TASK DESCRIPTION: Among the lines below, a stretch begins at the one with "11月25日上午,由招遠市消" and ends at the one with "Ein großer Moment". Repeat that stretch exactly, ends included.

MATERIALS PROVIDED:
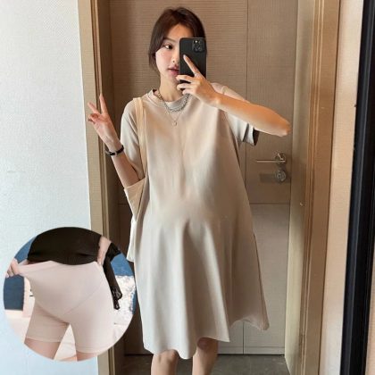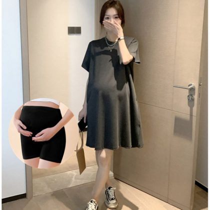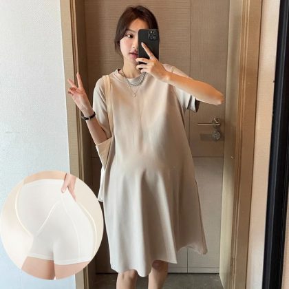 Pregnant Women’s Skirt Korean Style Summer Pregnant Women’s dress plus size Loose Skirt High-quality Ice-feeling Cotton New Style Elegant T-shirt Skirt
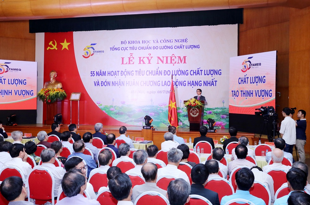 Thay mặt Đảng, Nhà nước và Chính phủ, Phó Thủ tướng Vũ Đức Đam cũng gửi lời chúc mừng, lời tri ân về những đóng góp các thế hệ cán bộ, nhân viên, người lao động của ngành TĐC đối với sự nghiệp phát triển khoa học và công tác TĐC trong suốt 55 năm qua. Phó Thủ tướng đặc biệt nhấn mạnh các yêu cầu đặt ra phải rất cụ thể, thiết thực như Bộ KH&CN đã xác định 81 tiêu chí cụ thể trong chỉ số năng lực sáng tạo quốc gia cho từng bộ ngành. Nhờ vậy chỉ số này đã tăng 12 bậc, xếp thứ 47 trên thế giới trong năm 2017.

--

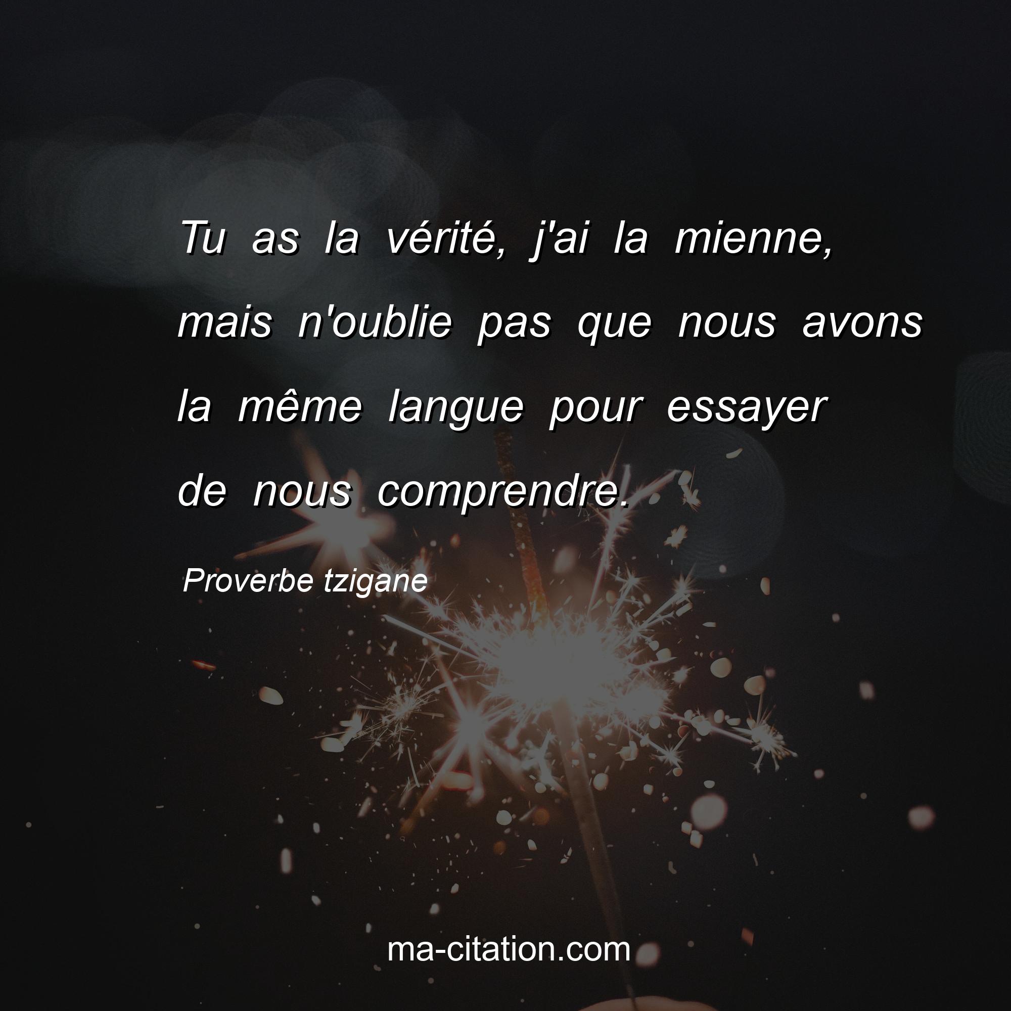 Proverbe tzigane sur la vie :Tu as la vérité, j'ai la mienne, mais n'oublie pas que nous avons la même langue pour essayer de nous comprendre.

---

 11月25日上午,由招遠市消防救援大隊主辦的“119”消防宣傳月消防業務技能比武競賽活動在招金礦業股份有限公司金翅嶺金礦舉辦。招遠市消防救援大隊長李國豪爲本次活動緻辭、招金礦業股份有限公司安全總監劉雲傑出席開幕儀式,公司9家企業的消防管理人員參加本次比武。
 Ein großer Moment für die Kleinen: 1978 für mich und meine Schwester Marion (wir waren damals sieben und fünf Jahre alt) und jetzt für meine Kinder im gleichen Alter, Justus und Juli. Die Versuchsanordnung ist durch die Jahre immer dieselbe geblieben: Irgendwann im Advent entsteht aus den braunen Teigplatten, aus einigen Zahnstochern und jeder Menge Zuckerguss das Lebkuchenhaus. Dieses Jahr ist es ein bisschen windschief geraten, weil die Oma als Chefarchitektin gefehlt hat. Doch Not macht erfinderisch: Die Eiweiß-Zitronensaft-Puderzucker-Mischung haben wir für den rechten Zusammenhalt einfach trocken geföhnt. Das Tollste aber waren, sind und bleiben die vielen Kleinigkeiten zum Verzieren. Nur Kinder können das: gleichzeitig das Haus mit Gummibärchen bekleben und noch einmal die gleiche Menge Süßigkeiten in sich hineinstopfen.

FINISHED TASK:
 11月25日上午,由招遠市消防救援大隊主辦的“119”消防宣傳月消防業務技能比武競賽活動在招金礦業股份有限公司金翅嶺金礦舉辦。招遠市消防救援大隊長李國豪爲本次活動緻辭、招金礦業股份有限公司安全總監劉雲傑出席開幕儀式,公司9家企業的消防管理人員參加本次比武。
 Ein großer Moment für die Kleinen: 1978 für mich und meine Schwester Marion (wir waren damals sieben und fünf Jahre alt) und jetzt für meine Kinder im gleichen Alter, Justus und Juli. Die Versuchsanordnung ist durch die Jahre immer dieselbe geblieben: Irgendwann im Advent entsteht aus den braunen Teigplatten, aus einigen Zahnstochern und jeder Menge Zuckerguss das Lebkuchenhaus. Dieses Jahr ist es ein bisschen windschief geraten, weil die Oma als Chefarchitektin gefehlt hat. Doch Not macht erfinderisch: Die Eiweiß-Zitronensaft-Puderzucker-Mischung haben wir für den rechten Zusammenhalt einfach trocken geföhnt. Das Tollste aber waren, sind und bleiben die vielen Kleinigkeiten zum Verzieren. Nur Kinder können das: gleichzeitig das Haus mit Gummibärchen bekleben und noch einmal die gleiche Menge Süßigkeiten in sich hineinstopfen.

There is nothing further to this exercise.